The most important part of such theories is that they not only account for what we do experience, they predict experiences we have not yet had. The models of PCT are adjusted so that in simulation they behave in the same way as the particular instance of control behavior we're trying to explain. But once the model is constructed, we can vary the conditions that, hypothetically, affect it, and strictly from the properties of the model make predictions about how the real system would behave under those changed conditions. This is where the power of modeling shows up; not in its ability to fit the behaviors we observe, but in its ability to predict how behavior will change when we alter the conditions presented to the real system. We can fit a model to the hand motions involved in tracking a target moving in a triangular pattern, and then using the best-fit parameters predict very closely the hand motions that will occur when the target moves in a random pattern, and when a second random disturbance is applied directly to the cursor in parallel with the effects of hand motion.

I think that one main reason for the misunderstandings that occur in the life sciences about control theory is that this kind of modeling is essentially unknown to most practitioners. The idea of proposing a model that is more detailed than our observations, and then using this model to predict new observations under new conditions, does not appear in textbooks of psychology, sociology, psychotherapy, or related sciences. It is an idea with which engineers are familiar from their earliest days in college, but only where engineering has encroached on the life sciences does it appear in relation to the behavior of organisms. This method is almost the diametric opposite of generalization; instead of deriving general classes of observation that include actual observations, the method of modeling proposes the existence of more detailed variables and relationships below the level of observation, from which observations can be deduced. I have heard the term "hyothetico-deductive" used in situations that make me think of modeling, although I'm not sure that is what was intended.

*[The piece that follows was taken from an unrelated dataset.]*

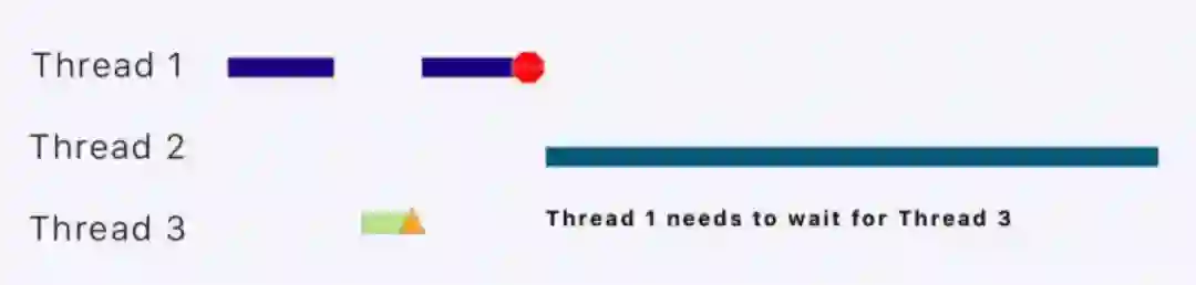 一旦我们加入锁机制,上面的线程饥饿就会变得很有趣。现在假设有一个低优先级的线程 3,它锁定了一个资源。高优先级线程 1 想要访问此资源,因此必须等待。另一个优先级高于 3 的线程 2 将会带来灾难性的结果。因为它的优先级高于线程 3,它将首先被执行。如果这个线程长时间运行,它将占用线程 3 可以使用的所有资源。由于线程 3 无法执行,导致线程 1 阻塞,所以线程 2 成了饿死线程 1 的“凶手”。即使线程 1 的优先级高于线程 2,情况也是如此。
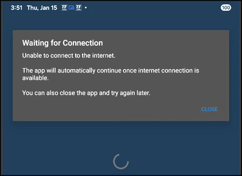 Unable to connect to the internet. The app will automatically continue when an internet connection is available.

Honestly, I'm almost finished.

Now think about what happens when a person who has never heard of the method of modeling comes up against PCT. To this person, the diagrams of PCT are simply diagrams of observations. The arrows show how one event leads to the next event. If this diagram describes any particular behavior, then it can be accepted as a theory (or not -- people quite often draw different diagrams, because they "have a different theory"). But such a person does not see what we see: a diagram of a specific physical system, connected in a certain way, _which we can't directly observe_. This person doesn't realize that what we can see is supposed to arise from the operation of the diagrammed system, not that it is supposed to be represented by the diagrammed system.

When, some day, the Center for the Study of Living Control Systems goes into operation, one of the introductory classes that must be taught there will be an introduction to modeling. It is obviously possible to teach what modeling means; all engineering students learn it, although nobody ever tells them what they are learning. They pick it up from seeing it done and learning the mechanics of doing it. They learn by osmosis the difference between describing the behavior of a system and describing the organization of a system that can produce that kind of behavior (as well as many other kinds). I think this can be taught explicitly, and that by learning it, students will not only come to grasp the meaning of PCT as it applies to human behavior, but will discover that they can probably come up with better models than their mentors managed to build.

Wordily, Bill P.

Date: Fri, 14 Apr 1995 19:32:10 -0600

Subject: Re: physical reality

[From Bill Powers (950414.1830 MDT)]

Bruce Buchanan (950414.1800 EDT)--

A great many of my arguments will make more sense to you if you simply assume that I am NEVER talking about real reality the way it really is. When I speak of physical variables, I mean variables defined according to the models developed by the science of physics, not the variables in the real world of which physical variables are presumed to be representations. When I speak of how something "really works" I mean the way it has been found to work through physical experimentation, and in terms of the underlying physical theories. I use this as a benchmark way of discussing our shared world, because it comes the closest to being sharable.

Another reason for using the terms of physics in speaking of the world outside the human nervous system is that they are minimally influenced by "psychological" considerations. It is fairly easy to see when variables in the physics-model world, or physical world for short, are spoken of as if they carry unwarranted properties which don't belong in that model. Predictiveness is such a property: you won't find it in any textbook of physics. However we are to account for predictiveness, we can't do it by reference to the physical world, and this tells us that predictiveness is something we are adding to experience outside the physics model.

But this way of speaking is deeply ingrained and letting go of it is a struggle. In the same way it would be difficult to stop speaking of sunsets as pretty or candy as sweet or chocolate. To human beings, perceptions ARE the world. It is difficult to think of a world in which most of the entities we can experience are missing. The language and formalisms of the physics model take us partway toward that realization, by stripping away at least the higher levels of interpretation from our observations. We can never go all the way, but the more clearly we can differentiate low-level perceptions from high-level interpretations, the clearer will be our understanding -- at least by analogy -- of our relationship to That Which Is.

The hardest thing to realize is that the "external world," the "perceptual world" and "the intellectual world" are ALL IN THE SAME PLACE, in our heads. They are all ideas that exist in human experience; they are simply different subdivisions of experience. They are ways of classifying experiences, but otherwise they are all of a piece.

You say

I hope you will now see that this is a misinterpretation of my view. When I speak of the concepts of physics, I am treating them in their own terms, not in relation to the Boss Reality. I don't have any idea what the Boss Reality is like, and I don't know anyone who does. So there's not much point in speculating about it. All we can do is use our best models.

Best, Bill P.